Vietnam’s journalists and social media users face a new obstacle to independent reporting through a government decree that imposes harsh penalties for sharing information deemed harmful to the country.
Observers and rights activists see the decree, due to go into effect Dec. 1, as part of Hanoi’s increasing efforts to tighten control over the news media.
Since January, Vietnam has arrested about 20 journalists, publishers and social media users over critical content; demanded that Facebook agree to censor “anti-state” posts; issued a one-month publishing ban on the news website Phu Nu Online over its investigations into environmental damage; and, last week, arrested prominent blogger and democracy activist Pham Doan Trang.
Under the latest decree, signed Oct. 7 by Prime Minister Nguyen Xuan Phuc, anyone sharing information that authorities deem harmful but not serious enough for a criminal penalty could face steeper fines and a longer, 12-month suspension.
For example, the penalty for “posting or disseminating information unsuitable for the interests of the nation and people” carries an administrative fine of up to 200 million Vietnamese dong (U.S. $8,600). The offense of “providing untrue information to the public that distorts and defames individuals and organizations” carries fines of up to 40 million Vietnamese dong (U.S. $1,723).
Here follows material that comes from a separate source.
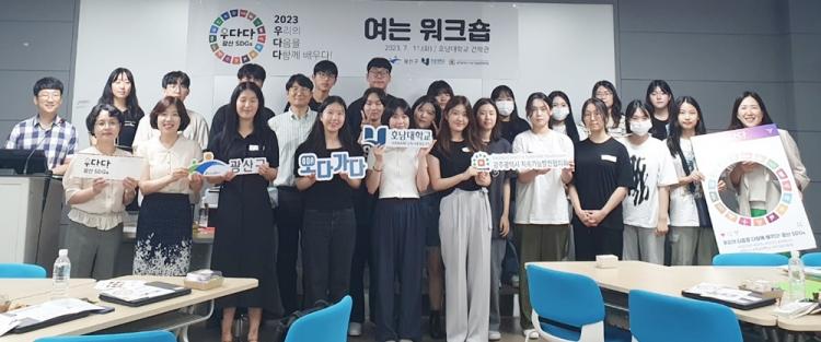 ±¤ÁÖ±¤¿ª½Ã ±¤»ê±¸ ±³À°µµ¼°ü°ú ÇÔ²² ÁøÇàµÇ´Â ¡®¿ì´Ù´Ù! ±¤»êSDGs 2023¡¯Àº ´ëÇлýÀΠû³âµéÀÌ Àü´ÞÀÚ°¡ µÇ¾î °ü³» ±³¿ø ¹× ±³À° Àü¹®Á÷¿øÀ» ´ë»óÀ¸·Î ¼¼°è½Ã¹Î ¿öÅ©¼ó°ú SDGs ¼ö¾÷ »ç·Ê¸¦ °øÀ¯Çϸç, ¼¼°è½Ã¹Î ±³À°À» È®»êÇϱâ À§ÇÑ È°µ¿À» ½ÃÀÛÀ¸·Î, Çб³, ¸¶À», °øÁ÷ÀÚ¸¦ ´ë»óÀ¸·Î ÁøÇàÇÏ´Â SDGsÀÇ ÀÌÇØ, ½Çõ Àü·« ޱ¸ µîÀÇ Áö¼Ó ±³À°À» À̾°¥ °èȹÀÌ´Ù.

The law previously allowed for fines of up to 100 million Vietnamese dong (US $4,300) and suspensions of up to six months. The most severe order was a three-month ban the Ministry of Information and Communications imposed on news outlet Tuoi Tre Online in July 2018. The ministry accused the outlet of disseminating false news over its reporting on the president’s comments on a protest law.
Provincial people’s committees and local authorities, along with the Ministry of Information and Communications and the Press Authority, will have power to issue the penalties.
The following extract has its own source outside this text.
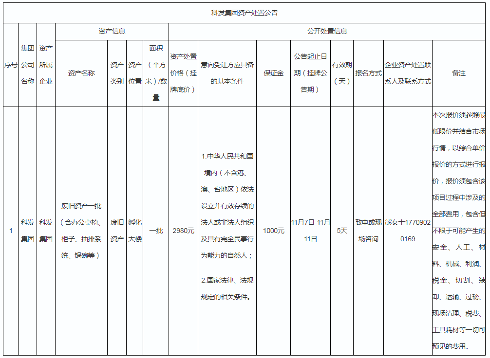 科發(fā)集團(tuán)資產(chǎn)處置公告

Appeals are allowed, but administrative fines in Vietnam have to be paid within 10 days.
Independent journalist Vo Van Tao from Khanh Hoa province, who used to work for state-run newspapers, told VOA Vietnamese the increased fines are harsh.
“Financially, for many small outlets, the fines of VND 200 million are considered as bankruptcy,” Vo said. “Suspension of the license up to 12 months is very severe. I feel that being suspended for three months is very severe already.”
Vo said the decree appears part of a consistent policy by the government to “always stifle press freedom.”
“The Vietnamese press is not the same as overseas. The country is governed by one-party rule. It does not accept pluralism or multiparty. It does not accept criticism,” Vo said. “They explicitly and unequivocally declare that the press is a propaganda tool of the party and state.”
Vietnam has a poor record for free media, ranking 175 out of 180 countries, where 1 is the most free, on an annual index compiled by media watchdog Reporters Without Borders (RSF).
RSF said the “level of terror has risen sharply in the past two years, with many citizen-journalists being jailed or expelled in connection with their posts."
Journalists at state-run and state-approved outlets have to register and meet certain requirements, such as having a press card and press activity permit. Because of that, bloggers and independent journalists like Vo often use social media platforms to publish reporting.
But independent journalists, such as Pham Doan Trang, who was jailed earlier this month, are at greater risk of arrest.
The journalist’s Oct. 6 arrest “is another leap forward into an outright crackdown by the Communist Party of Vietnam,” Daniel Bastard, the head of RSF’s Asia-Pacific desk, told VOA Vietnamese.
“RSF is appalled by the arrest of Pham Doan Trang, who was honored with our Press Freedom Award for Impact exactly one year ago. Her only crime was to provide her fellow citizens with trustful information and enable them to fully exercise their rights,” Bastard said.
Pham, an outspoken democracy activist and author, was arrested on anti-state propaganda charges, police and state media said.
Rights groups condemned the arrest, which took place hours after annual U.S.-Vietnam human rights talks, and they warned that the blogger risked torture in custody.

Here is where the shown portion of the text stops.